CAPÍTULO 1 EL MUNDO ONÍRICO DE BLANCA

CAPÍTULO 1

CAPÍTULO 1 EL MUNDO ONÍRICO DE BLANCA   Una fina lluvia del mes de noviembre resbalaba por la ventana de la habitación, mientras unos incipientes relámpagos que anunciaban la llegada de una tormenta iluminaban de vez en cuando la estancia.

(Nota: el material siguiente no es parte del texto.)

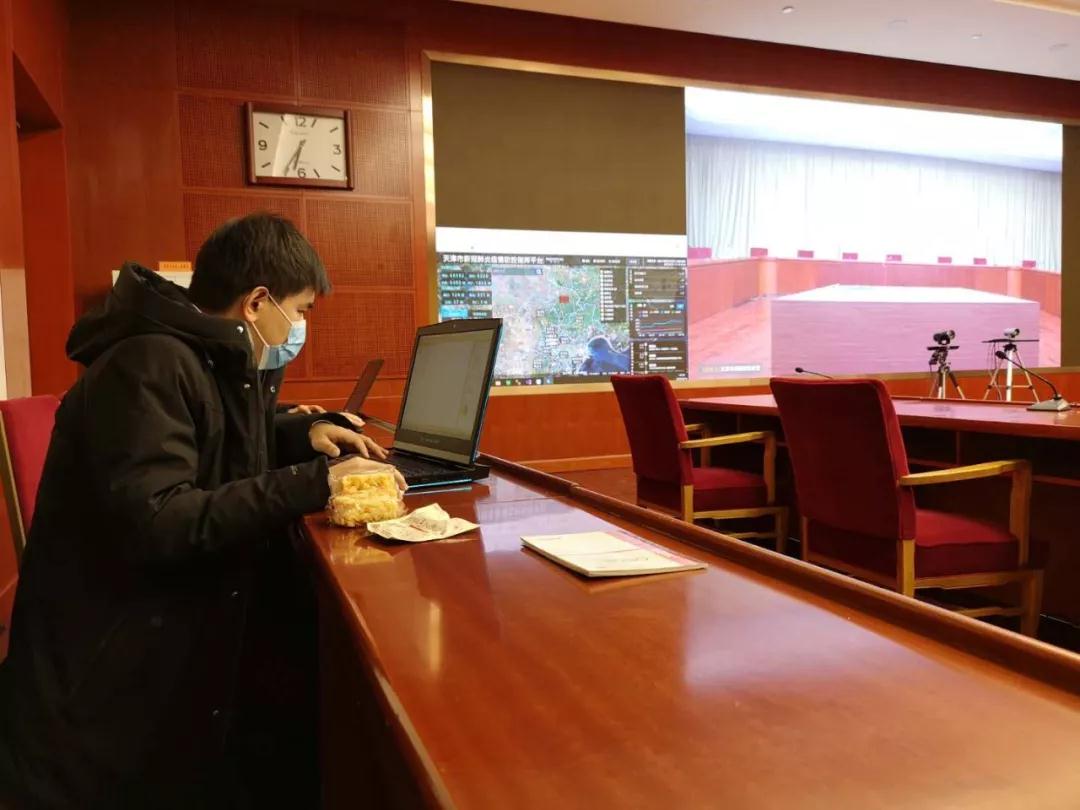 战“疫”背后,是一群为了抗击疫情不眠不休,边吃饭边敲击着键盘编写代码的天测工程师。他们说“总书记强调了,这场战役是全民战,医务工作者冲在了救治一线,人民警察冲在了管控一线,作为地理信息工程师,只想用自己的技能,做一些力所能及的事情为这场战役助力。”在接到研发指令后,他们秉承天测精神,召之即来,来则能战。他们不眠不休地整合着确诊、疑似病例等疫情分布情况及相关人员的活动轨迹,汇总着医学隔离点、定点医院、发热门诊等防疫防控部署信息,梳理着每天各时段疫情更新情况,累计汇总整合相关数据要素千余项,历经60个小时的艰苦奋战,终于在2月16日凌晨顺利完成初期平台搭建和数据融合分析。并按照16日上午李鸿忠书记的要求进行完善。2月17日下午,李鸿忠书记率市委市政府有关领导,运用指挥平台就天津市疫情分布和防控进行了深入研究和部署。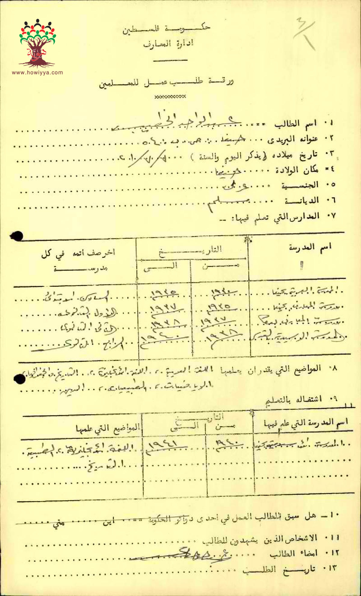 طلب عمل معلمين مقدم من المعلم عبدالواحد يونس الخطيب - حيفا - مدرسة كفرمندا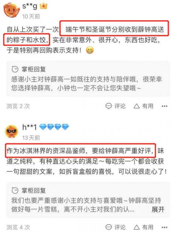 从钟薛高天猫旗舰店的评价来看,不论是“新客”还是“回头客”,对其评价都偏正向。口感也是对得起它的高价位的。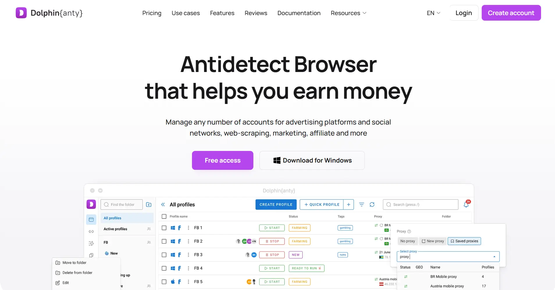 A Dolphin Anty construiu a sua plataforma especificamente para profissionais de marketing nas redes sociais, com especial destaque na gestão de contas do Facebook e TikTok. O seu construtor de automação visual permite aos utilizadores criar fluxos de trabalho clicando em ações em vez de escrevendo código.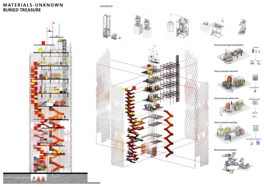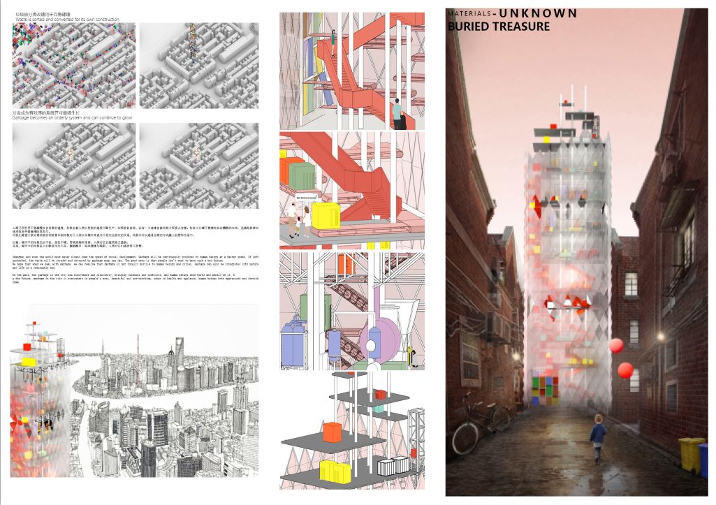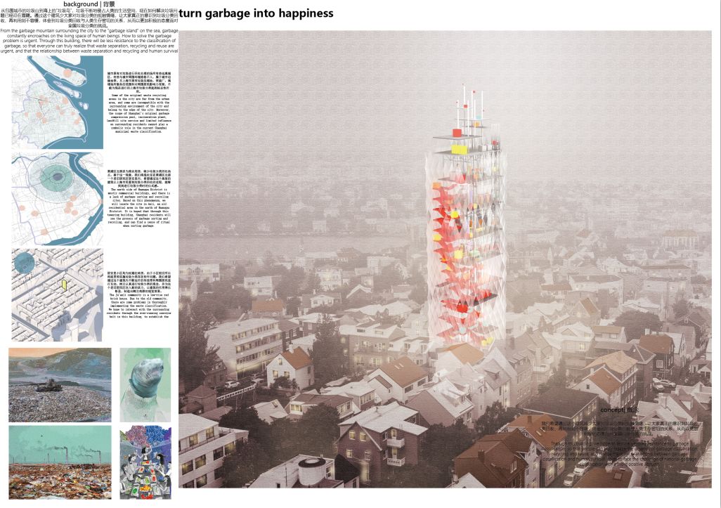 我们将选址设在上海市黄浦区居安里水塔的原址上,利用回收的垃圾重新制成建筑材料,实现建筑的竖向生长——蓝色代表铝铁等金属类制品回收后制成钢结构、橙色代表废弃的塑料制品回收后成为建筑表皮、红色代表遗弃的玻璃回收后制成运输垃圾的盒子和工艺品、黄色代表被遗弃的纸质物品回收后回归居生活在进行利用。我们希望通过这个建筑减少大家对垃圾分类的抵触情绪,让大家真正的意识到垃圾分类回收、再利用刻不容缓,体会到垃圾分类回收与人类生存密切的关系,从而以更加积极的态度面对全国垃圾分类的挑战。
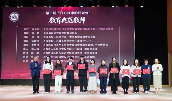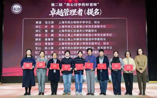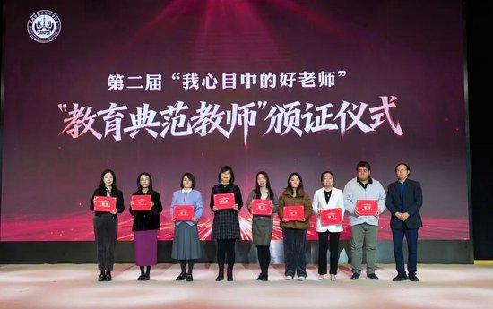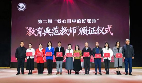 随后,大会为第二届“我心目中的好老师”颁发证书,来自管理岗位和教学一线工作者依次上台领取证书。

La luz de las farolas del puerto rompía la penumbra dejando ver el mobiliario, compuesto por una cama colocada frente a la ventana, una silla llena de ropa lista para ponerse, una mesilla de noche hecha con un gran tronco de árbol donde reposaba un despertador antiguo, un portarretratos con un hombre y una mujer abrazando a una niña pequeña, y un perchero de pared donde colgaba un chubasquero naranja. A sus pies, en el suelo, perfectamente colocadas, unas botas altas de goma.

El ruido de las sirenas de los barcos que regresaban con sus bodegas cargadas en su gran mayoría de sardinas, que pronto serían llevadas a la lonja y posteriormente subastadas al mejor postor, anunciaba la llegada de los barcos que la tarde anterior habían salido a faenar a la mar.

Eran las 5 de la madrugada cuando el viejo despertador empezó a sonar con gran estrépito. El bulto que se adivinaba debajo de las mantas se movió dejando ver un brazo desnudo que alargaba una mano para apagarlo.

Pasaron varios minutos hasta que aquel cuerpo empezó a moverse. Tras echar las mantas hacia los pies de la cama quedó sentado, con los pies colgando y apoyados en el frío suelo.

En ese momento un rayo iluminó toda la habitación, seguido a los pocos segundos por el estallido de un trueno que hizo vibrar los cristales de la ventana. El cuerpo dio un salto y se incorporó. Quedó inmóvil de pie. Después se estiró y rascó suavemente un cuello escondido debajo de una melenita corta de color castaño claro.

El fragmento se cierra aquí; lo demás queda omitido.